Switching perspective: Comparing ground-level and bird’s-eye views for bees navigating clutter

  1. Neurobiology, Faculty of Biology, Bielefeld University, 33615 Bielefeld, Germany
  2. School of Public Health and Department of Business Administration and Economics, Bielefeld University, 33615 Bielefeld, Germany
  3. Research Center on Animal Cognition (CRCA), Center for Integrative Biology (CBI); CNRS, University Paul Sabatier - Toulouse III, 31062 Toulouse, France

Peer review process

Not revised: This Reviewed Preprint includes the authors’ original preprint (without revision), an eLife assessment, public reviews, and a provisional response from the authors.

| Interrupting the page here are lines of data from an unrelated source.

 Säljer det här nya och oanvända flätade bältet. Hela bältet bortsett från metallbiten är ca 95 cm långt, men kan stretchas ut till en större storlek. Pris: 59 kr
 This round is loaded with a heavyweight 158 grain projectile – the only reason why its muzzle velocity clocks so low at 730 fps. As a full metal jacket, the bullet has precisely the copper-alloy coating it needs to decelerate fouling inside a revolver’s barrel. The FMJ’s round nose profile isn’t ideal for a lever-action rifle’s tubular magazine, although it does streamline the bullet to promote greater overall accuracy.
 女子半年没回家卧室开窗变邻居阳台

Read more about eLife’s peer review process.

Editors

  • Reviewing Editor
    Gordon Berman
    Emory University, Atlanta, United States of America
  • Senior Editor
    Claude Desplan
    New York University, New York, United States of America

Reviewer #1 (Public Review):

Summary:

In this paper, the authors aimed to test the ability of bumblebees to use bird-view and ground-view for homing in cluttered landscapes. Using modelling and behavioural experiments, the authors showed that bumblebees rely most on ground-views for homing.

Strengths:

The behavioural experiments are well-designed, and the statistical analyses are appropriate for the data presented.

Weaknesses:

Views of animals are from a rather small catchment area.

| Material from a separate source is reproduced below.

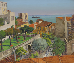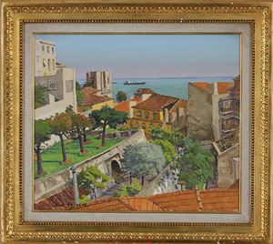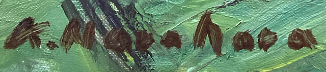 ■備考:(作品)キャンバス裏にもサイン、タイトル 画面に薄いヤケ、数ケ所にヒビ
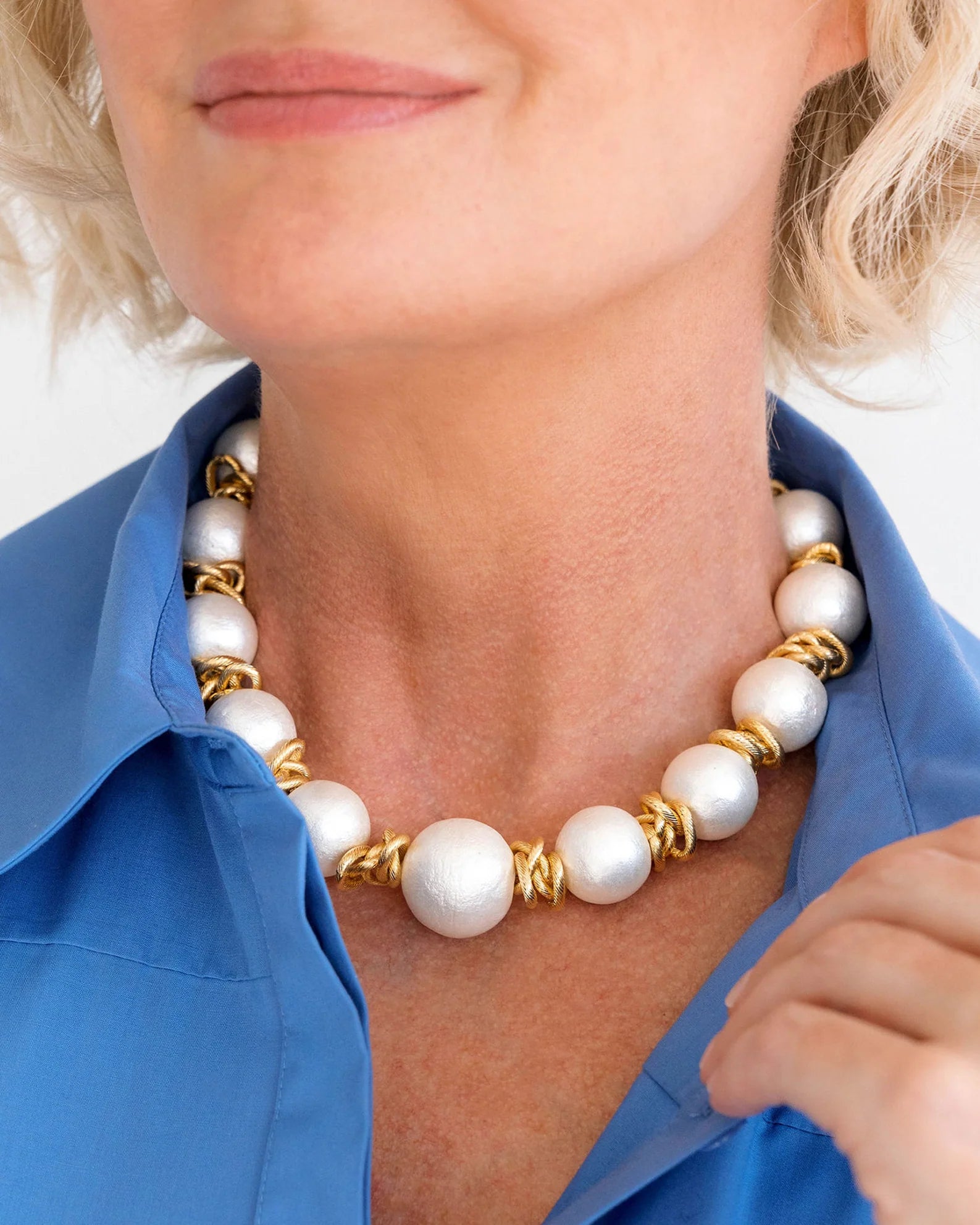 For the cotton pearl fan; it doesn't get anymore classic. Pull together any look with this statement necklace. The best part about it: it's so lightweight you'll forget you're wearing it.

Missing a discussion on why image difference functions were sufficient to explain homing in wasps (Murray and Zeil 2017).

The artificial habitat is not really 'cluttered' since landmarks are quite uniform, making it difficult to infer ecological relevance.

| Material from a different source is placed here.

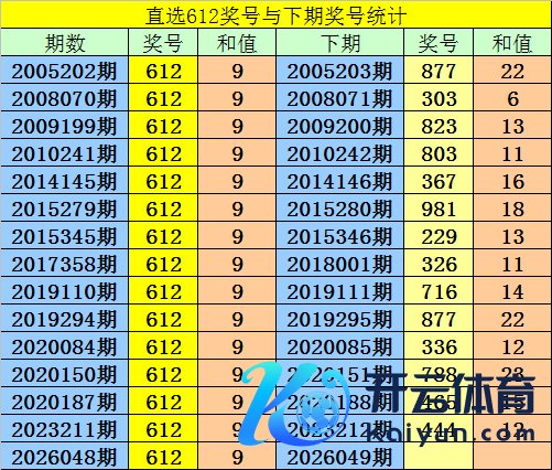 第2026048期3D奖号为:612,历史上该号码直选开出15次,下期号码分辨为:877、303、823、803、367、981、229、326、716、877、336、788、465、444。

Reviewer #2 (Public Review):

Summary:

In a 1.5m diameter, 0.8m high circular arena bumblebees were accustomed to exiting the entrance to their nest on the floor surrounded by an array of identical cylindrical landmarks and to forage in an adjacent compartment which they could reach through an exit tube in the arena wall at a height of 28cm. The movements of one group of bees were restricted to a height of 30cm, the height of the landmark array, while the other group was able to move up to heights of 80cm, thus being able to see the landmark array from above.

During one series of tests, the flights of bees returning from the foraging compartment were recorded as they tried to reach the nest entrance on the floor of the arena with the landmark array shifted to various positions away from the true nest entrance location. The results of these tests showed that the bees searched for the net entrance in the location that was defined by the landmark array.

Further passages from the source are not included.